Test 1: Where Are We?

6 Igneous Rocks and Dad’s Heart Attack

Rocks, a combination of minerals, are the words that we use to create the story of the Earth. Their composition and physical properties determine how they are separated and where on Earth they end up, such as on the continents or in the ocean bottoms.

A year and a half before I was born, my father had a heart attack. My father’s doctor put dad on a strict diet—low fat and low cholesterol. The pigs and chickens my parents raised at the time were sold, and the vegetable garden was expanded. When my mom cooked any meat, she would boil it first, then cool it and skim off the fat.

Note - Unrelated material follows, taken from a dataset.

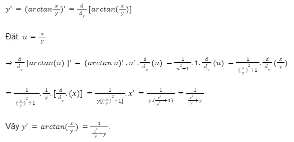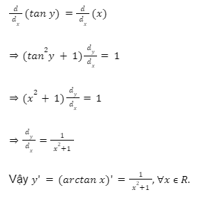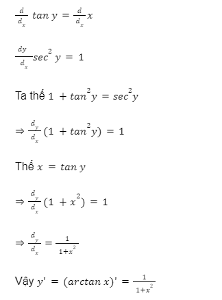 Từ định nghĩa của hàm arctan và y = arctan x ta có tan y = x. Lấy đạo hàm theo biến x ta được phương trình như sau:

My mom was using a process similar to what created the continents, using the lower melting point and density of fat relative to the meat to separate the two. Such differences in physical properties can also separate rocks.

Most of the minerals that form rocks in the mantle and crust are silicates. Silicates may be distinguished by the amount of silica each contains. Olivine and pyroxene have large percentages of iron and magnesium. These form rocks referred to as mafic (or ultramafic) rocks. Rocks with 70% silica or more are felsic. Felsic rocks are lighter in color, less dense, and have a lower melting point than mafic rocks. Felsic rocks behave similarly to the fat, while mafic rocks behave like the meat.

Water boils at 100 degrees C, above the melting point of fat but below that of meat. The melting point of most felsic minerals is around 700 degrees C, while that of mafic minerals is around 1300 degrees C. Thus, if we heat a rock to about 1000 degrees C, then the felsic minerals will melt while the mafic ones will not. Because the felsic material is less dense, it will tend to be buoyed upward, similar to the fat in the boiling water. This separation brings the lighter colored, low density, felsic rocks to the surface to form the continents.

New igneous rock is constantly being formed as volcanoes erupt and intrusions cool. Magma from the mantle is constantly erupting at midoceanic spreading centers to form new oceanic crust. This new rock is mafic and is the most common rock on the Earth’s surface: basalt, the extrusive form, and gabbro, the intrusive form. (Look at a map. You’ll see a lot more ocean than continent.) Mantle hot spots, such as underlie Hawaii, erupt basalt. In addition, rifting of a continent allows mafic rock to rise to the surface, such as where the Middle East is splitting off from Africa. At subduction zones, melting oceanic crust is mafic, but sediments that are subducted with the plate are often felsic. An intermediate composition may result, such as is found at many of the volcanoes in Washington and Oregon. Occasionally, an eruption of felsic material, such as at Yellowstone National Park, may occur as a continent passes over a hot spot and melts its felsic rock.

Distinguishing felsic from mafic rocks gives us clues about where and how the rocks originated. As we study geology, we can better understand our world and develop more choices about how we live our lives. For example, we have learned how slowly soils form and how quickly humans are causing them to erode. We have learned how the chemicals we release into the air destroy the ozone and speed global warming. As to heart attacks, we have learned that our own choices—food, exercise, smoking—can reduce our chances of a heart attack. Dad chose to stop eating foods that were hurting him and had no further heart problems. Perhaps we can choose to stop doing so many things that hurt the Earth.

 

Notes on Rocks:

In summary, felsic minerals (like fat) have a lower melting point, a lower density, and lighter color—lower, lower, lighter. They form the scum that floats to the top and stick up—the continents, which are much thicker than the oceanic plates.

Mafic minerals (like meat) have a higher melting point, greater density, and darker color. They form the plates of the ocean basins.  When we talk about felsic and mafic rocks, we are discussing igneous rocks, rocks that form from melted rock that recrystallizes.

Two other rocks types, together with igneous rocks, form the rock cycle:

igneous: form from magma and lava (magma that has come to the surface), previously existing rock that has melted and then recrystallized.

metamorphic: form from preexisting rocks that are squeezed and heated to transform them but have not melted.

sedimentary: form from preexisting rocks that have been broken apart, transported, deposited, and cemented back together.

We’ll sketch the rock cycle together in class.